My kitchen is my bedroom, my writing room, and my workout room. My cellie also lives in my kitchen too. In prison, everything is confined to a small space. So where you set up your kitchen is where you get dressed, where you dream at night, and where you write. My locker is many things. It holds my clothes, my books, and my letters. But it also doubles as my pantry. Next to my books, is a row of olives and a row of mackerel in foil pouches. Jars of mixed peppers are stacked next to my address book. Next to piles of letters is peanut butter and cheap coffee. Right beside my toothbrush is my garlic powder and olive oil that I use on a daily basis. The top of my locker is a countertop and my cellie also uses it as a step stool to reach the upper bunk where he sleeps every night. In prison it seems like everything is multi-purpose
My window also doubles as a refrigerator. The window doesn’t open, but it is the coldest place in our small space. Right now as I write this, there are two cartons of milk resting on the windowsill. Hopefully, they won’t be too warm when I drink them several hours from now.

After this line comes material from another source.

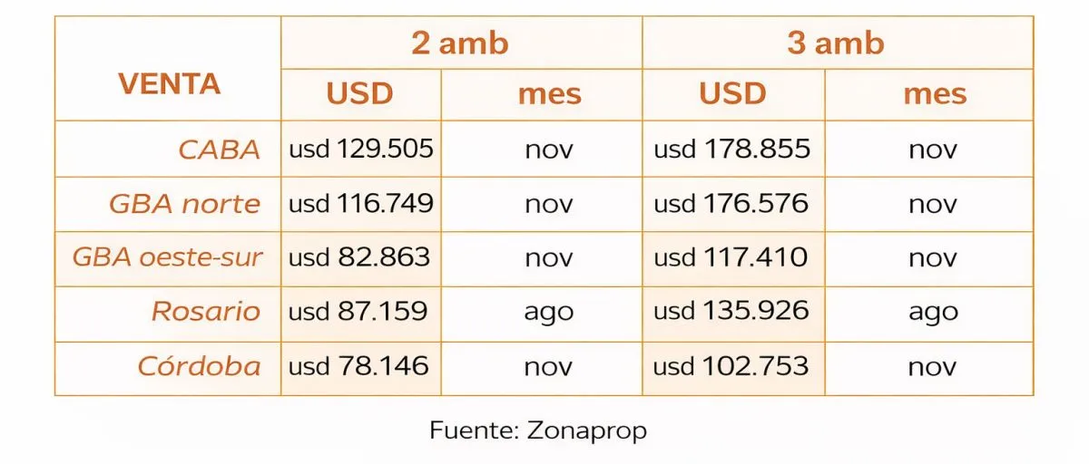 El informe también analiza los valores según la cantidad de ambientes y allí aparecen diferencias significativas entre regiones. En GBA norte, el salto de precio entre un departamento de dos y uno de tres ambientes es el más marcado del país, con una diferencia cercana a los 60 mil dólares. De hecho, un departamento de dos ambientes en esa zona, con un valor promedio de 116.749 dólares, cuesta prácticamente lo mismo que un tres ambientes en GBA oeste-sur, cuyo precio ronda los 117.410 dólares.

I have a desk. It’s a typical school desk, exactly like the one I had in fifth grade. When it is time to eat, my cellie and I pull it out from against the wall. We turn it the long way and place a chair on either side. There we sit, in our small space, over our small desk, eating our small meals. We are close. Very close. So close I can hear him chew almost every bite. Sometimes I wonder if I chew loud. But usually I don’t worry because my cellie is hard of hearing and wouldn’t notice anyway. After we are done eating lunch we transform the desk from a kitchen table into a chess table. My cellie brings out the pieces.
“Okay, I’ll play a game,” I say. “You know the rule,” my cellie responds, “best out of three.”
There is one other space that is also utilized for kitchen activities – it’s the prison bathroom. I go there to drain the oil out of my packaged foods. Next to me, while I’m draining oil, a man might be brushing his teeth, while 2 feet behind me, a man is pissing in the urinal. Sometimes, you go in there and someone is taking a shit. It stinks, but you’re hungry, so you prepare your food. You peel and rinse your hard-boiled egg as the toilet flushes. It’s a normal part of prison life.
After preparing food in the bathroom sink, I always clean it. Other guys aren’t as courteous. You go wash up later and find bits of chicken, rice, eggshells, and tuna resting in there. The range I’m, on has only 3 functional sinks for about 40 guys, so the bits of food can collect rather quickly.
I miss having a kitchen that was more inviting. A place where I often played Rocksteady music while preparing meals for my fiance. It was a more welcoming space to cook food. When I opened the pantry, I would just see spices and herbs, not like my prison locker where I see my underwear and calculator next to my Mrs. Dash and bananas.
My sink at home was a place to rinse vegetables without someone shaving right beside me. My kitchen at home was where my friends and family would gather for shared meals as we talked and laughed. The kitchen at home was the place I held my fiance as apples baked in the oven with cinnamon on top of them. Love would mingle in our hearts and through the scent of sweet desserts simultaneously. I want that feeling back. I want to feel surrounded by the love in the kitchen I left behind. I also want a kitchen sink that is not two feet away from a man pissing in the toilet.